# Communication problems



## LinuxOS (Sep 3, 2013)

Dear All,

I came here with another problem! Guys in my company we are selling an app called YSoft SafeQ (its a printing management app) we installed it on a client side on (Windows Server 2012 R2) but the problem that we are getting is as below:

SQL Server Log:

03/16/2017 09:26:47,Logon,Unknown,Login failed. The login is from an untrusted domain and cannot be used with Windows authentication. [CLIENT: 10.0.101.202]

03/16/2017 09:26:47,Logon,Unknown,Error: 18452<c/> Severity: 14<c/> State: 1.

03/16/2017 09:26:47,Logon,Unknown,SSPI handshake failed with error code 0x8009030c<c/> state 14 while establishing a connection with integrated security; the connection has been closed. Reason: AcceptSecurityContext failed. The Windows error code indicates the cause of failure. The logon attempt failed [CLIENT: 10.0.101.202]

03/16/2017 09:26:47,Logon,Unknown,Error: 17806<c/> Severity: 20<c/> State: 14.

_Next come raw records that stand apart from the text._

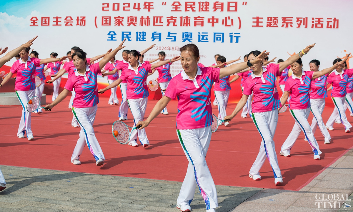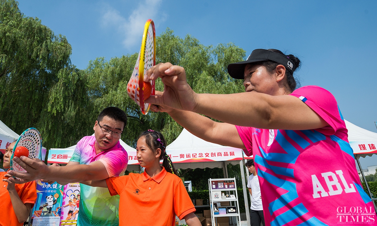 August 8 marks the 16th national fitness day in China. The National Olympic Sports Center in Beijing held over 50 themed activities, covering nearly 30 sports and attracting more than 8,000 sports enthusiasts to participate. (Photos: Chen Tao/GT)
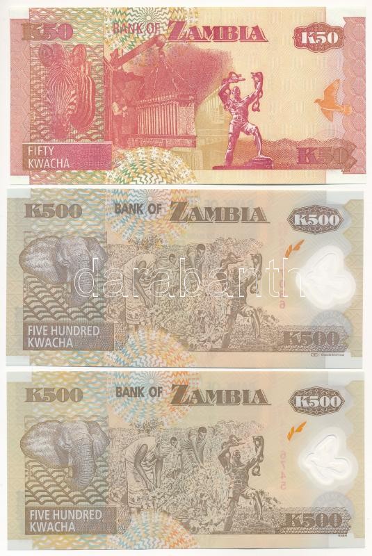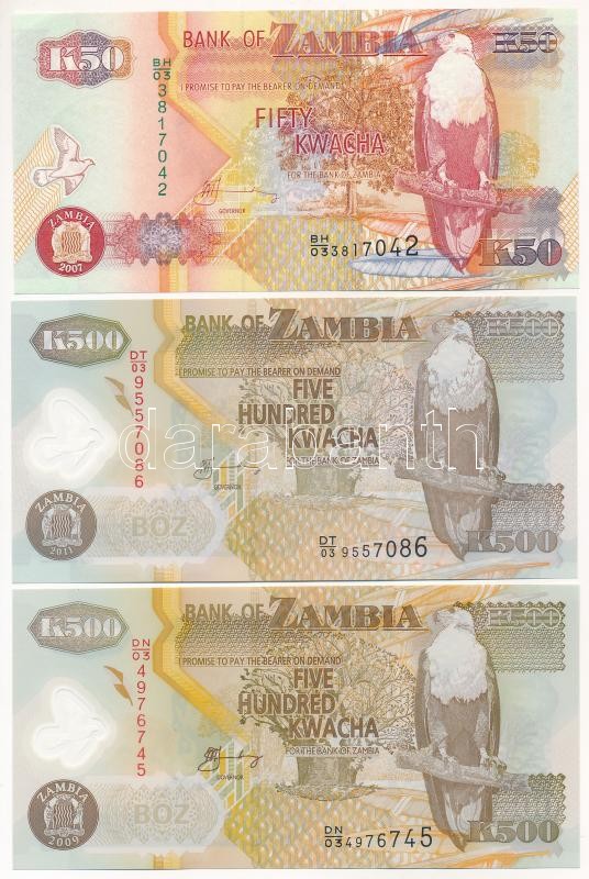 Zambia 2007. 50 Kwacha + 2009. 500 Kwacha (2x) C:UNC,AU
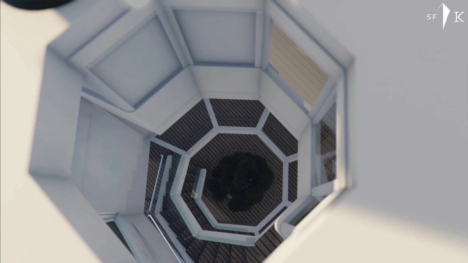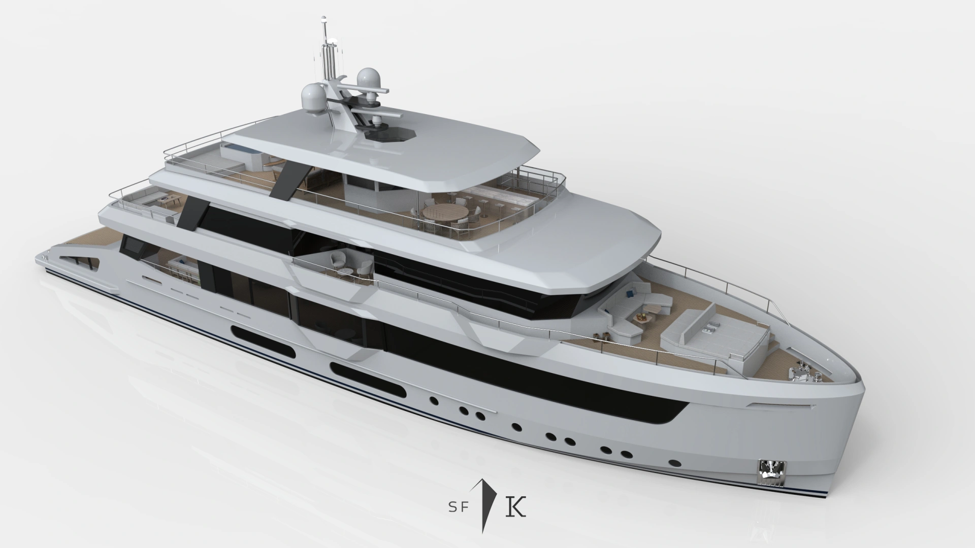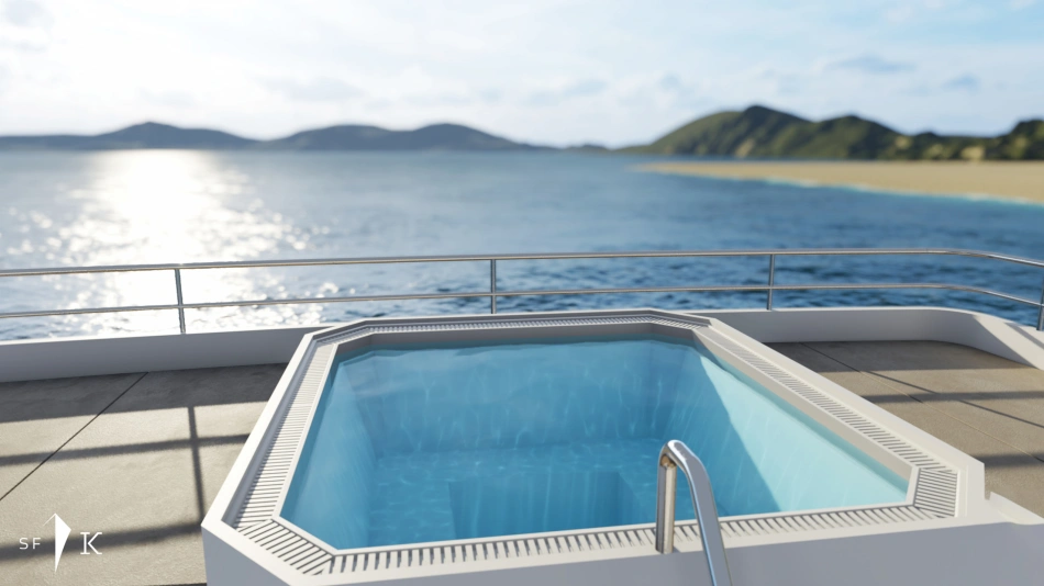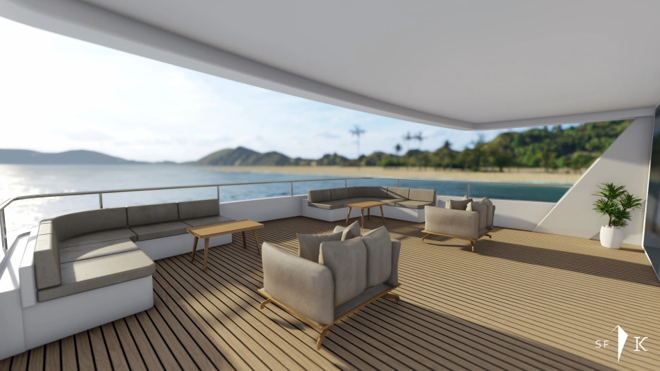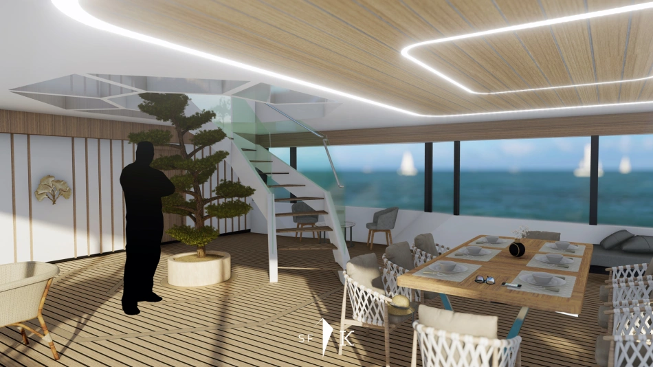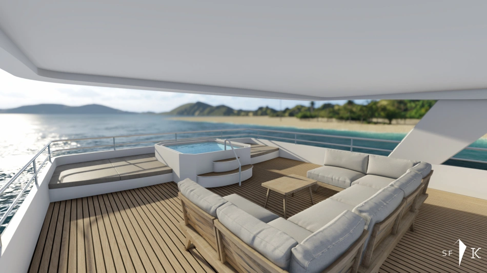 Project Octagon was born under the new concepts of entry level superyacht. 38 meter of amazing spaces that blends together in a unique flow under the main octagonal central stairs. Main deck and sky deck dedicated only for the entertainment with amazing inside/outside facility. Upper deck only for the 2 master and balconies.
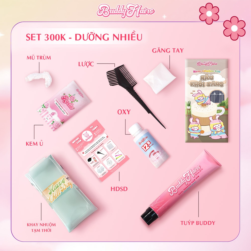 Thuốc nhuộm tóc màu NÂU KHÓI SÁNG, thuốc nhuộm tóc không cần tẩy, kem nhuộm tóc tại nhà Buddyhairs tặng kèm dụng cụ
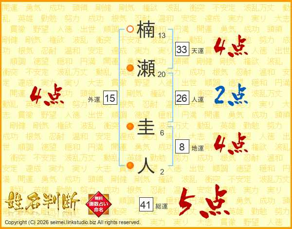 楠瀬圭人さんの総運は41画の5点!

Please if anyone could help will be glad we are working on this by weeks and unable to find a source of problem.
Many thanks in advance!


----------



## Fireflycph (Apr 1, 2016)

Seems to me that you're using Integrated Windows Authentication on the SQL server. Then it seems that the Client side user has no rights/login to the database. I don't know how you're database is configured but I believe you'll need to create a login on both the server and in SQL for the credentials used by the client.

I could be way off here. But it certainly would be a place to start. Good luck.


----------